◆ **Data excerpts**
# # # # # # #

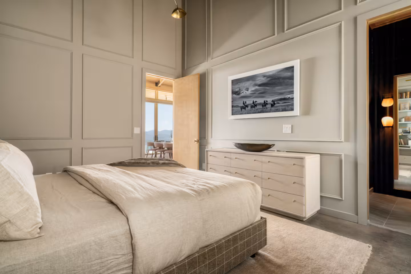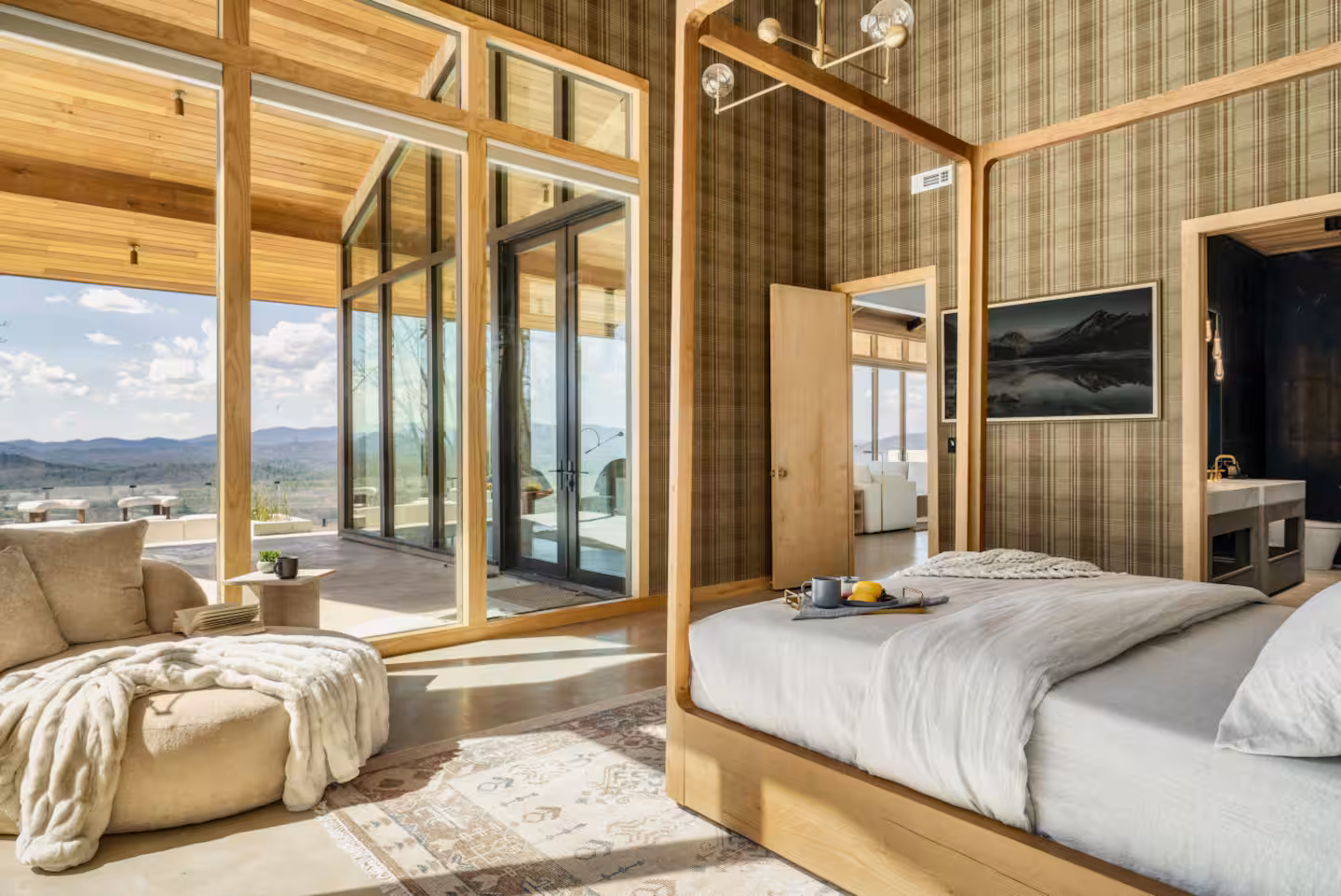 Step into The Glass Frame and be instantly immersed in its contemporary open-concept design, featuring exposed wooden beams, polished concrete floors, and sleek furnishings. Floor-to-ceiling glass walls flood the space with natural light and mountain views, seamlessly blending indoor comfort with the beauty of the outdoors.
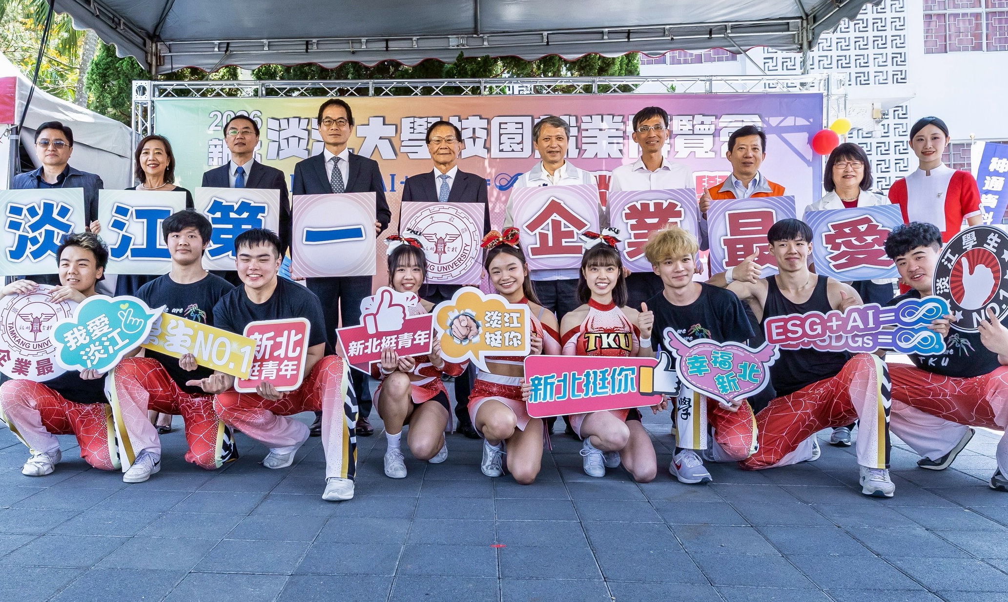 新北市今年校園就業博覽會昨日在淡江大學強勢開跑,淡大校長葛煥昭、勞工局長陳瑞嘉及廠商代表等為學生們加油鼓勵。 (記者吳瀛洲攝)
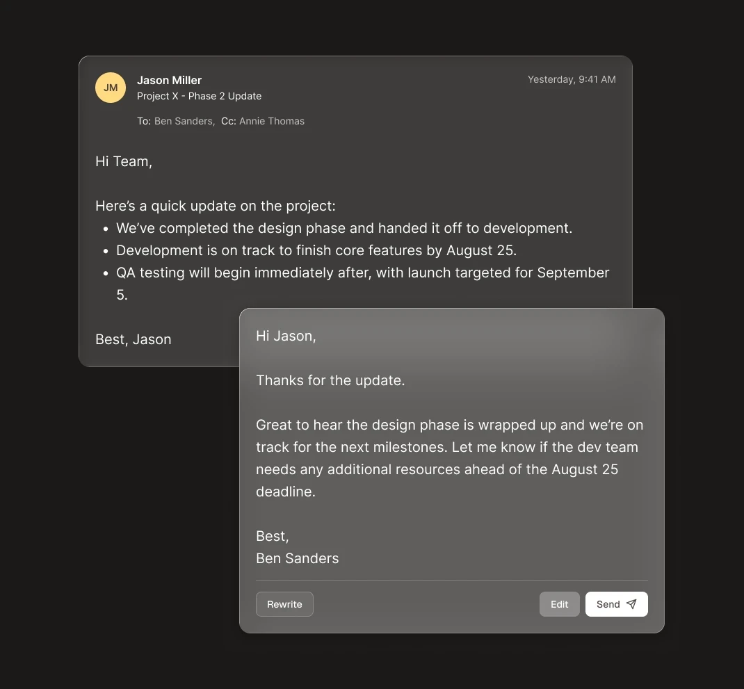 The only email AI that perfectly learns your voice, then pre-drafts every response.
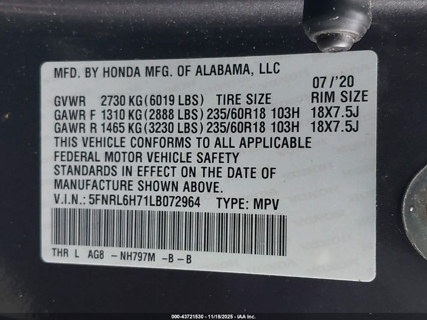 2020 HONDA ODYSSEY 2020 року Бензин, 3.5, Передній привід, vin - 5FNRL6H71LB072964 з США
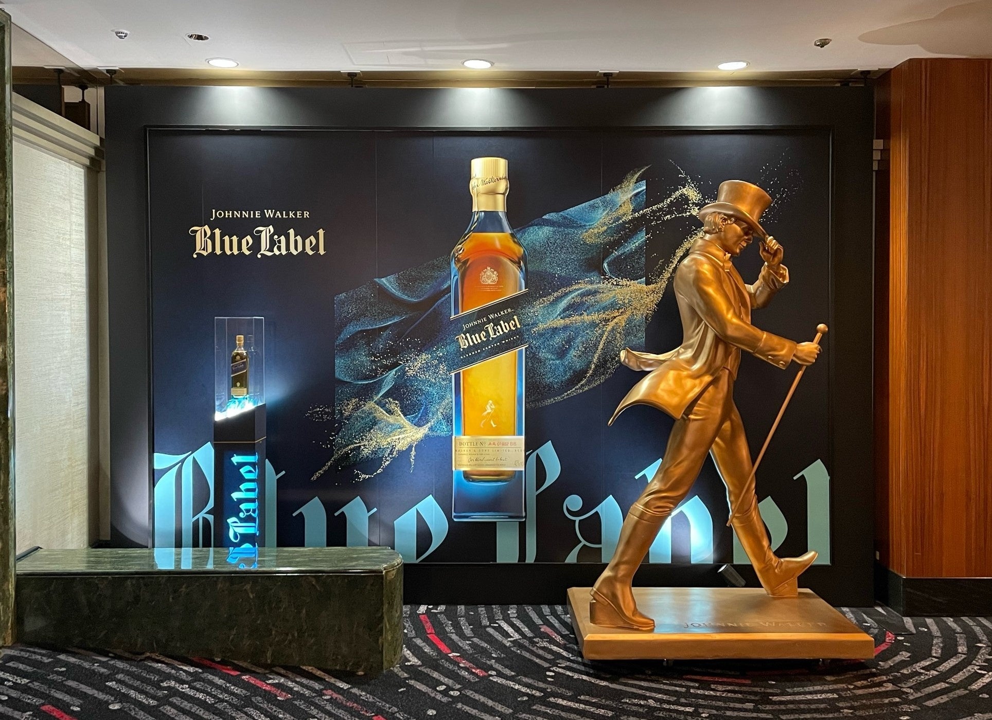ジョニーウォーカーのブランドマークである、「ストライディングマン(闊歩する紳士)」とブルーラベルがお客様をお迎えいたします。
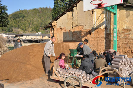 眼下正是种植灰树花的季节。在庆元县黄田镇陈边村,记者看到三五成群的农民在路旁、农舍等地忙着生产灰树花菌棒。据了解,黄田镇今年共种植了1600多万袋灰树花,产值可达4800多万元。
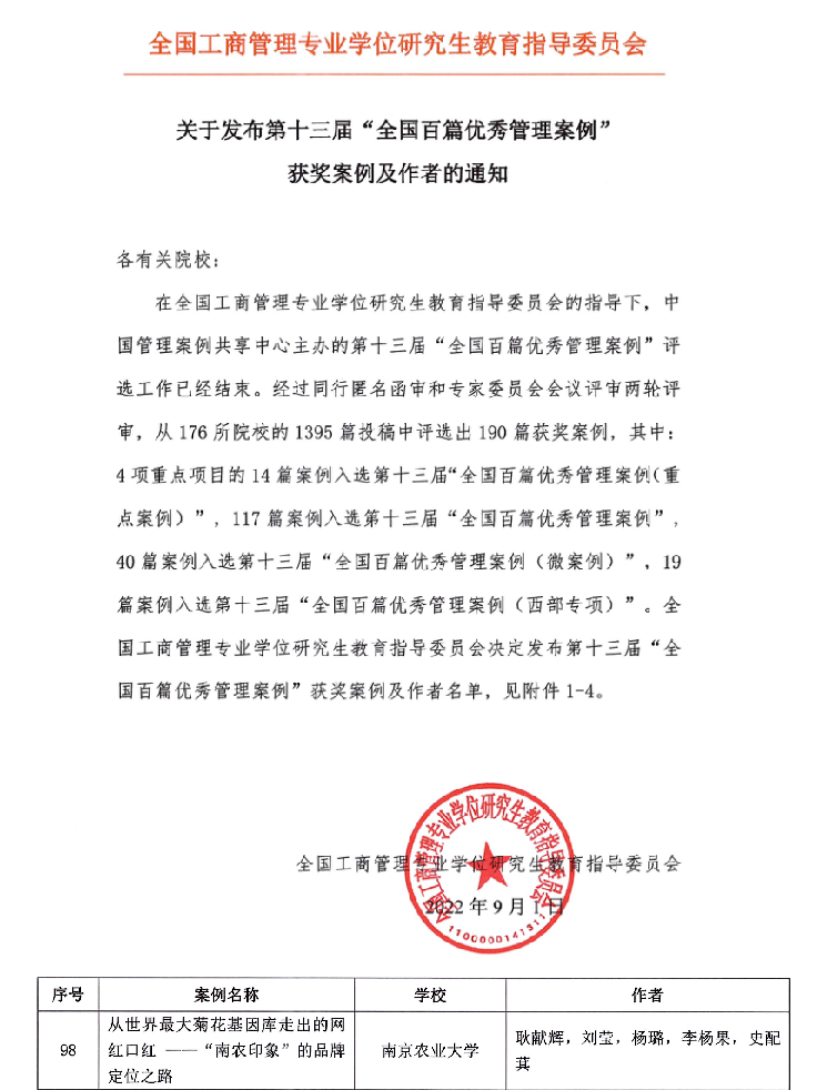 2022年8月15-16日,在全国工商管理专业学位研究生教育指导委员会的指导下,第十三届“全国百篇优秀管理案例”评选专家评审会顺利召开并揭晓了最终评选结果。英国正版365官方网站英国正版365官方网站耿献辉教授、刘莹老师、杨璐副教授、李杨果、史配萁等师生联合开发的教学案例“从世界最大菊花基因库走出的网红口红——‘南农印象’的品牌定位之路”从全国900余篇投稿案例中脱颖而出,成功入选第十三届“全国百篇优秀管理案例”之一。
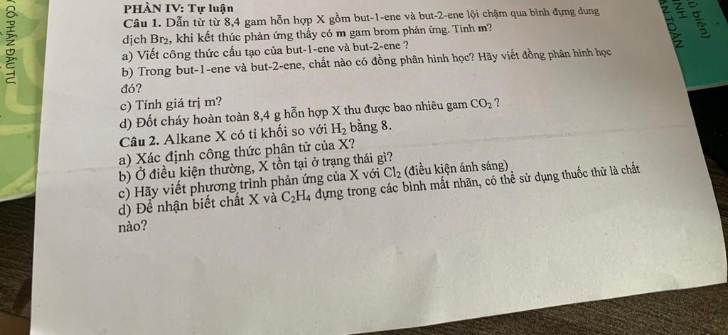 `c)\ CH_4+Cl_2`$\xrightarrow{Ánh \ sáng}$`CH_3Cl+HCl`
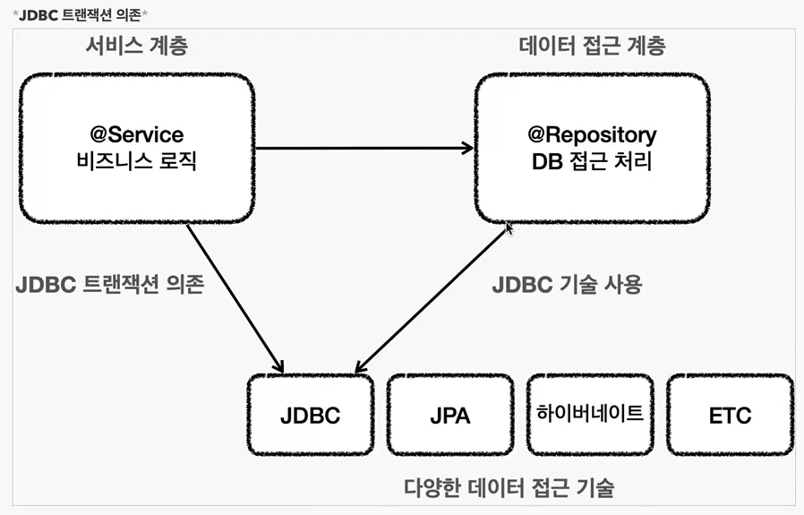 jdbc 에서 jpa 로 변경하게 된다면 서비스 계층의 tx 로직까지 다 변경해야한다.
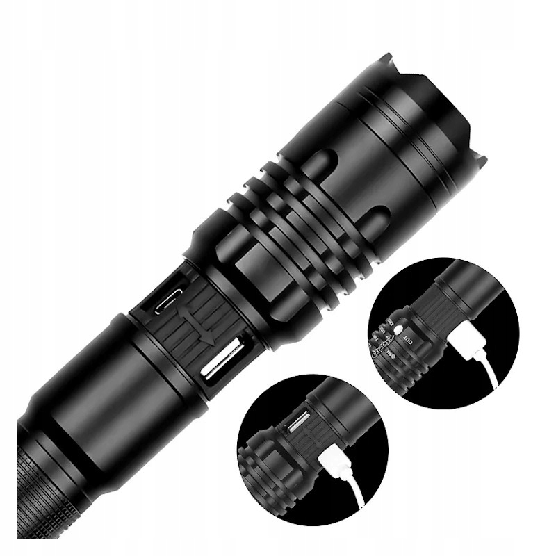 Сильный светодиодный тактический фонарик PowerBank USB Zoom
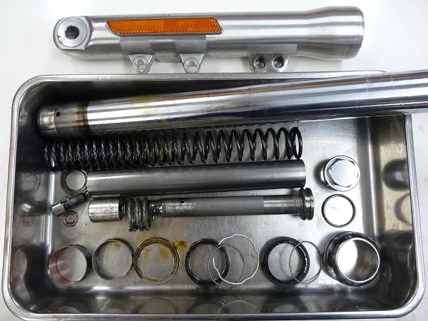 ハーレーダビッドソンの魅力は本当に幅が広く多種多様のカテゴリーが存在しており、奥が深くてとても全てを掌握できるものではありません。これまでサスペンションチューナーとして、大勢のハーレー乗りお客さまとお付き合いさせていただいておりますが、どのカテゴリーのハーレー乗りのお客さまもサスペンションに対するご不満を感じている方がとても多くいらっしゃいます。バイクに乗りであれば誰しもご自身のバイクを「もっと乗りやすくしたい」「不安なく走らせたい」と思うもの。それはハーレーでも同じはずです。それでも「ハーレーはこんなもの」「ハーレーだから仕方ない」とあきらめてしまっている方が少なくありません。ハーレーのフロントフォークは、スポーツスターを除いて「フリーピストンタイプ」の構造が多く、カートリッジタイプのような「バルビング」によるダンピングチューニングはできません。スクーデリアオクムラではオリジナルのチューニング方法によって、ほとんどのハーレーのフロントフォークのダンピングチューニングが可能です。

# # # # # # #

◆ **Exercise objective**
Copy the lines above exactly, starting with the line that contains "The only email" and ending with the line that contains "ジョニーウォーカーのブランド", and leave out any pictures.

◆ **Answer to this problem**
 The only email AI that perfectly learns your voice, then pre-drafts every response.
 2020 HONDA ODYSSEY 2020 року Бензин, 3.5, Передній привід, vin - 5FNRL6H71LB072964 з США
ジョニーウォーカーのブランドマークである、「ストライディングマン(闊歩する紳士)」とブルーラベルがお客様をお迎えいたします。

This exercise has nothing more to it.